Рассказы о животных - Симеон Янев
Шрифт:
Интервал:
Закладка:
— Небось заметили: у обихоженного коня или телка шерсть лоснится. А будешь держать скотину голодной, волос у ней разом поблекнет, запаршивеет, — силушки-то нету…
Бывало, усядется Балкан напротив, высунет языки смотрит прямо в глаза. Замахнешься на него, а он, видно, решив, что ты ему корочку хлеба хочешь дать, тут же вскочит. Правда, мы по детской глупости порой обманывали его. Брат мой двоюродный, бывало, бросит ему камешек — будто косточку. Балкан подхватит камешек, захрустит зубами. Я очень сердился тогда. И то сказать, грех над голодной собакой издеваться… А если бы с нами так!..
Наши держали пяток овец и две-три козы, дававшие молоко. Правда, никто из нас ни разу не пробовал цельного молока. Можно подумать, будто неснятое молоко вредно для здоровья. Но если бы женщины не снимали сливок, нечем было бы забелить похлебку из щавеля, смазать пирог с капустой. А еще из сливок сбивали масло, чтоб на вырученные за него деньги купить ту или иную нужную в хозяйстве вещь. Дедушка нас утешал, что к празднику он продаст масло и купит нам всем по глиняной свистульке и по паре новых царвулей из свиной кожи. Разумеется, чтобы получить на зиму обувку да еще в придачу свистульки, мы, детвора, были готовы поститься все лето.
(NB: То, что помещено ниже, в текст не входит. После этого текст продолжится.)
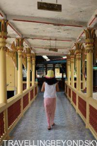 ขณะที่เราชมความงามภายในของวิหารอยู่ก็มีผู้ชายเดินมาแนะนำตัวว่าเป็นมรรคนายก เรามารู้ทีหลังว่าชื่อพี่อ้วน เข้ามาเล่าประวัติต่างๆเกี่ยวกับวัดนี้ให้เราฟัง และชี้ชวนให้ชมสิ่งต่างๆพร้อมอธิบายเรื่องราวอย่างละเอียด เช่นพระพุทธรูปที่เห็นเหนือกรอบประตูนั้นเดิมเป็นพระปางนาคปรก หากแต่นาคได้ตกลงมา จึงเหลือแต่พระพุทธรูปประทับอยู่ด้านบน

Голос такой свистульки разносится по всей долине и даже за рекой, в Рамновом лесу.
Я радовался, видя, что кувшин, в котором держали масло, скоро наполнится доверху. Скоро дед принесет нам новые царвули — мягкие, что не натирают ноги, не дубеют от сырости, как те, которые сшили нам из шкуры сдохшей лошади.
Но однажды утром мы увидели деда таким разгневанным, что решили лучше ему на глаза не попадаться. Морщинистое лицо деда позеленело от злости, глаза метали молнии. Он бегал туда-сюда, ища топор.
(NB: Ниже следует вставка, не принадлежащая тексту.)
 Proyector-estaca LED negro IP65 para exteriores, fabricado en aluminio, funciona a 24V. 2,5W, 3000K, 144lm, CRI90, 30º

— Я ему покажу масло!.. Поганец этакий!.. — бормотал дед.
Найдя топор в сенях за дверьми, он выскочил на двор. Мама, бабушка и тетки тут же стали упрекать друг друга за то, что не догадались придавить крышку кувшина тяжелым камнем или же упрятать его подальше за кадушки…
Со двора донесся глухой звук удара, собачий визг и хрипенье. Потом все стихло. Что бы это могло быть? Я, недоумевая, выбежал на двор. Оказывается, дед настиг Балкана возле овечьего загона и так его огрел обухом топора, что пес распластался на земле и лежал недвижно, с остекленевшими глазами. Я закричал что было силы. Сбежались остальные дети. И тут мы поняли, что случилось: Балкан выел масло из кувшина. Морда его вся лоснилась от жира. Дед, чернее тучи, топтался возле собаки, видно, жалея о случившемся. На нас, детишек, свалились две беды сразу: не видать нам ни новых царвулей, ни свистулек, а еще мы лишились верного друга и сторожа.
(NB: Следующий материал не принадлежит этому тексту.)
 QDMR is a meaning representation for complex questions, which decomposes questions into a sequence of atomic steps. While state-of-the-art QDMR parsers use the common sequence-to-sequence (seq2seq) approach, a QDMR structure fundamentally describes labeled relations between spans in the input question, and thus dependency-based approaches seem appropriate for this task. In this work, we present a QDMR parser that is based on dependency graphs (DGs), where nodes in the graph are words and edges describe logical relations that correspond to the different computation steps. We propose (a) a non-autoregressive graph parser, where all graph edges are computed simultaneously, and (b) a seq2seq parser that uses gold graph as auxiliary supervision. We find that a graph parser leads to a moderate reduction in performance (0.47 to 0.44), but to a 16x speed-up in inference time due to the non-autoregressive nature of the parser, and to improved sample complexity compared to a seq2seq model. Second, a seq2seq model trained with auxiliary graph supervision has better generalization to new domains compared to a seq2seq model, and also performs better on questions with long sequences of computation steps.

Трясущимися руками дед ухватил Балкана за ногу и поволок вниз, к лугам. Мы хотели было пойти следом, но он обернулся и так зыркнул на нас, что мы бросились врассыпную. Вскоре дед воротился.
— Бросил поганца в реку, — сказал дед. — Чтоб и духу не было…
Нам жалко было пса, да и он тоже хорош. За полгода мы не съели ни крошки масла и, выходит, зря… Придется опять старые царвули латать… Все в доме приуныли. Вечером за ужином никто и словом не обмолвился. Наутро все встали рано. Какой уж тут сон, когда дед всю ночь кашлять не переставал. Выбегаем и что же видим? На галерейке, у порога, свернулся калачиком наш Балкан. Лежит, ушами поводит и так умильно на нас посматривает. Мы же все, начиная с деда и кончая моим меньшим братцем, обрадовались ему будто дорогому гостю. И сразу же и у деда, и у моего отца, и у теток, и у нас, детей, лица посветлели. Все заулыбались, начали обниматься и целоваться.
— Что ж, теперь мы квиты, — сказал дед. — Пакостника Балкана больше нету, с сегодняшнего дня у нас появился новый пес. Только, чур, не будь таким неблагодарным — по твоей милости дети остались без обувки…
Пес в ответ виновато взвизгнул. В глазах его светилось раскаяние и обещание впредь честно служить хозяину, делить с ним радость и горе…
— А теперь дайте ему тюри, — сказал дед. — Больному псу, как и больному человеку, полагается легкая пища.
Мы, детишки, мигом согрели в миске воды, накрошили в нее сухих корочек и поставили перед Балканом. Он ел, а сам то и дело благодарно поскуливал, дружелюбно помахивая хвостом.
Поев, встал и отошел в тень под грушевым деревом. А вечером мы услышали знакомый заливистый лай и поняли, что по улице идет человек из чужого села.
С тех пор до конца своих дней Балкан был примерным псом, и мы были благодарны ему за усердную службу. А когда он пропал, все в доме плакали.
Перевод М. Качауновой.
ВЕСЕЛИН АНДРЕЕВ
ДВОЕ И КОСУЛЯ
— Может, сегодня не придет… — в голосе Вихря прозвучало сомнение.
— Придет, — успокоил его Стамен.
— Не знаю…
— А я знаю.
Вихрь почувствовал себя задетым. Ему бы такую уверенность, да вот опыта не хватает — отсюда и сомнения.
— Почему ты так уверен?
— Тот, кто жил в горах, знает это наверняка. Особенно, если занимался охотой.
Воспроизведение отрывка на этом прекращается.